Faster and limitless Hunk archiving to S3 with Hadoop 2.6.0

We’ve learned that Hunk can archive Splunk buckets to HDFS and S3. In this post we’ll see how we can use the new S3 integration introduced in Apache Hadoop 2.6.0, to get better performance and avoid the 5GB file size upload limit.

Edit: While the title states “limitless” the actual limit of a single file object in S3 is currently 5TB.

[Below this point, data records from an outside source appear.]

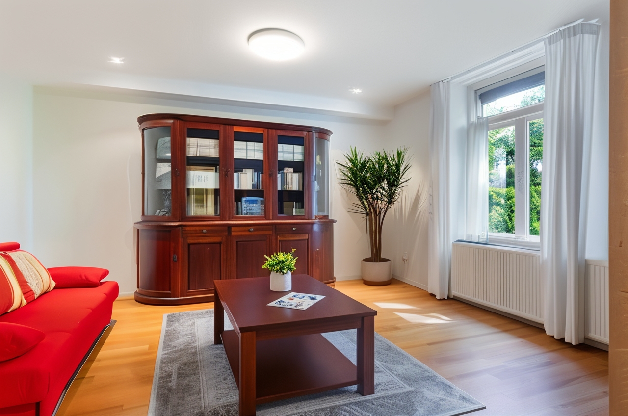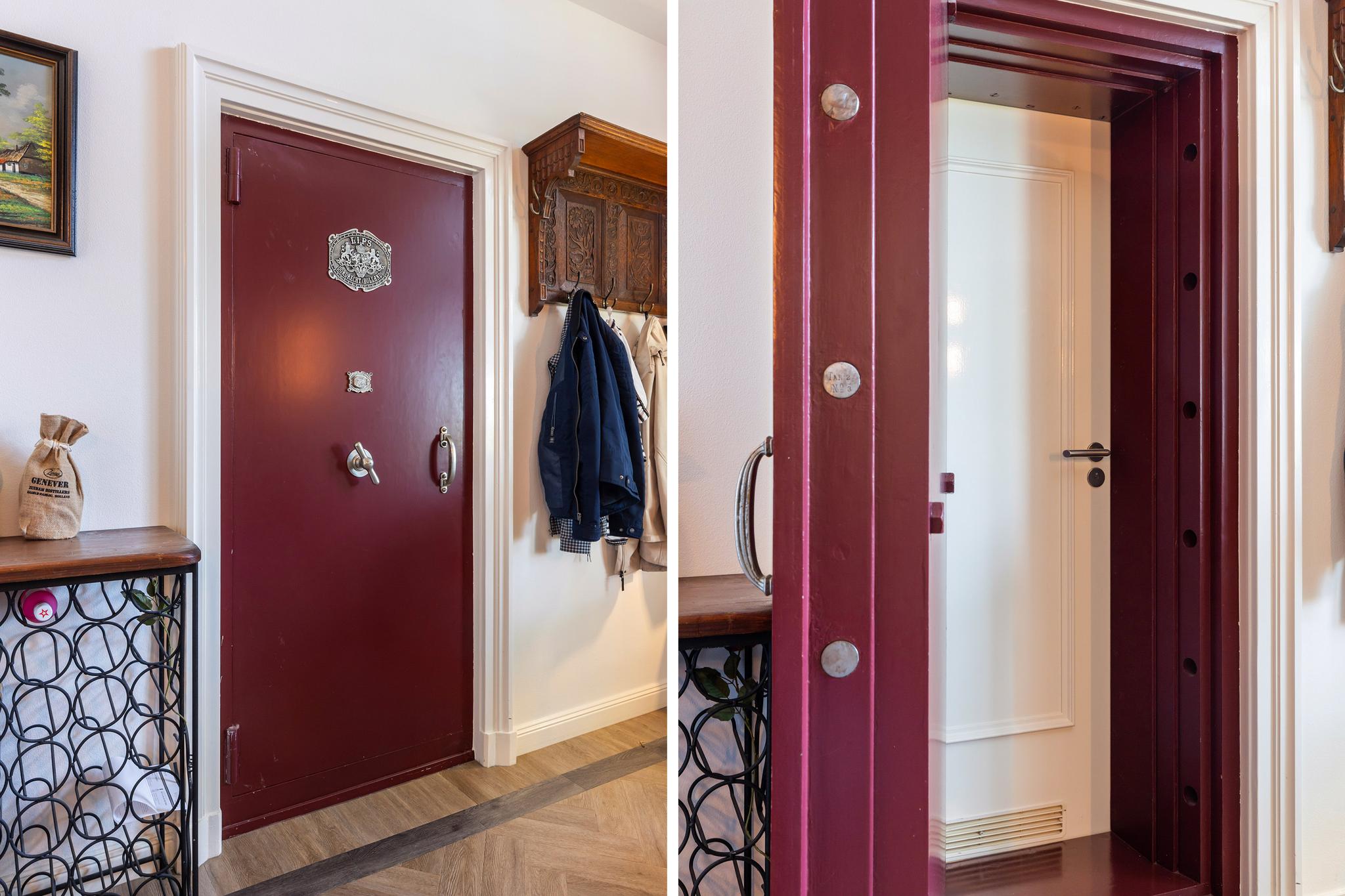 Throughout the years, the villa has been modernised with great care and attention to detail, all while retaining its original character. The façades have been re-rendered, and historical elements such as decorative ceilings, solid panelled doors, staircase handrails, interior shutters and window sills have been sympathetically restored. New timber window frames with insulating glass have been combined with stained glass set in double glazing. Even the original Lips safe in the hall has been preserved.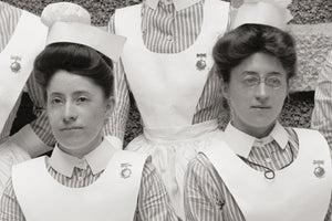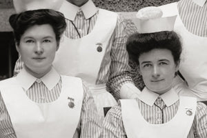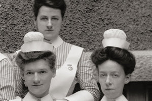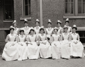 This intriguing group photo was captured at Providence Rhode Island Hospital around 1930. Thirteen dedicated nurses come together in this snapshot, forming two rows. The nurses exude a sense of composure and confidence. Adorned in their pristine uniforms, complete with iconic white hats, these healthcare professionals display their commitment to their noble profession of nursing. Their expressions vary from radiant smiles to a more serious demeanor, revealing the diverse personalities and experiences within the group. This captivating image immortalizes a moment in the history of nursing.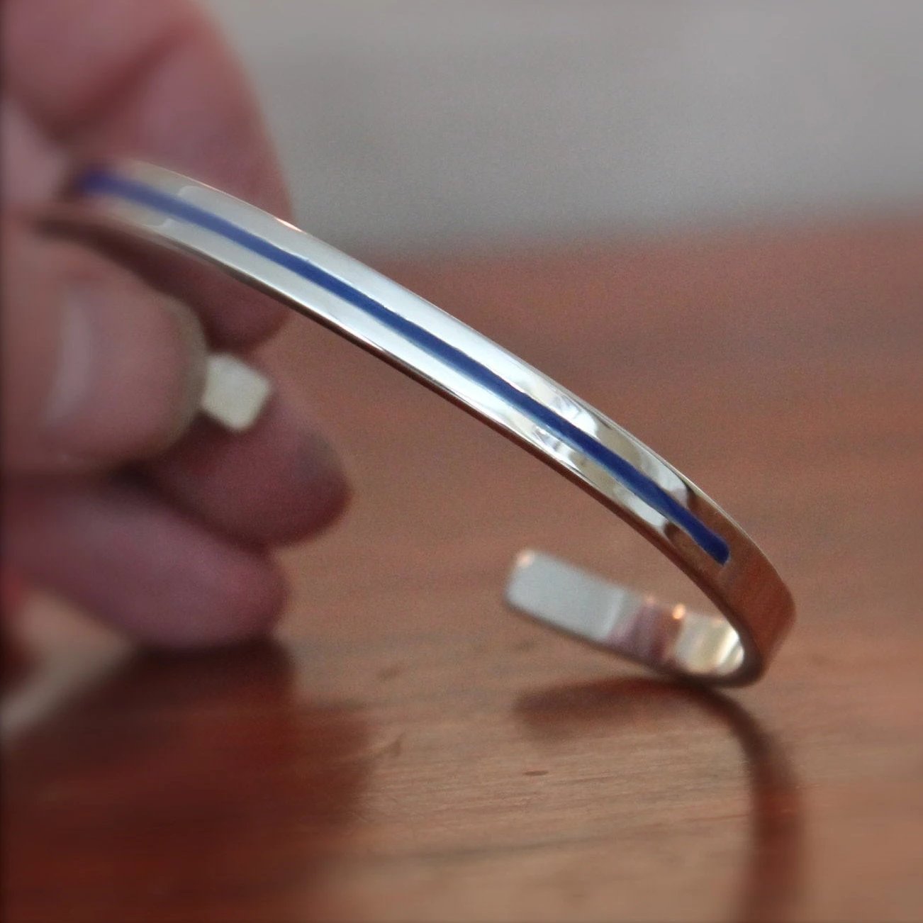 "Thin Green Line" cuff Bracelet is sterling silver and can be hand stamped with a custom name or initials and badge number inside, with a heart, or no personalization. Please choose the option from the choices at checkout.

The new S3 filesystem – S3A

Apache Hadoop 2.6.0 incorporates a new S3 filesystem implementation which has better performance and supports uploads larger than 5GB. The new S3 filesystem is named S3A. It is used with Hadoop by configuring your paths with a s3a prefix like so: s3a://<bucket>/<path>. This should be familiar to you if you’ve used Hadoop + S3 before, where you’ve prefixed paths with s3:// or s3n://

Using S3A with Hunk

To use the S3A filesystem with Hunk you need to create a Hunk provider that points to Hadoop client libraries that has the S3AFileSystem java class, such as Apache Hadoop 2.6.0. Here’s how I configured a provider to use the S3A filesystem:

  1. Hadoop Home: /absolute/path/to/apache/hadoop-2.6.0
  2. vix.fs.s3a.access.key: <AWS access key>
  3. vix.fs.s3a.secret.key: <AWS secret key>
  4. vix.env.HADOOP_TOOLS: $HADOOP_HOME/share/hadoop/tools/lib
  5. vix.splunk.jars: $HADOOP_TOOLS/hadoop-aws-2.6.0.jar,$HADOOP_TOOLS/aws-java-sdk-1.7.4.jar,$HADOOP_TOOLS/jackson-databind-2.2.3.jar,$HADOOP_TOOLS/jackson-core-2.2.3.jar,$HADOOP_TOOLS/jackson-annotations-2.2.3.jar

Configuration details

Depending on your Hadoop distribution, you might not have to include extra jars in your classpath (step 4 and 5). We have to do it when using Apache Hadoop 2.6.0 because the S3AFileSystem.class and its dependencies are not included in the default classpath. Also note that the location and versions of your jars containing the S3AFileSystem.class may be different in your Hadoop distribution.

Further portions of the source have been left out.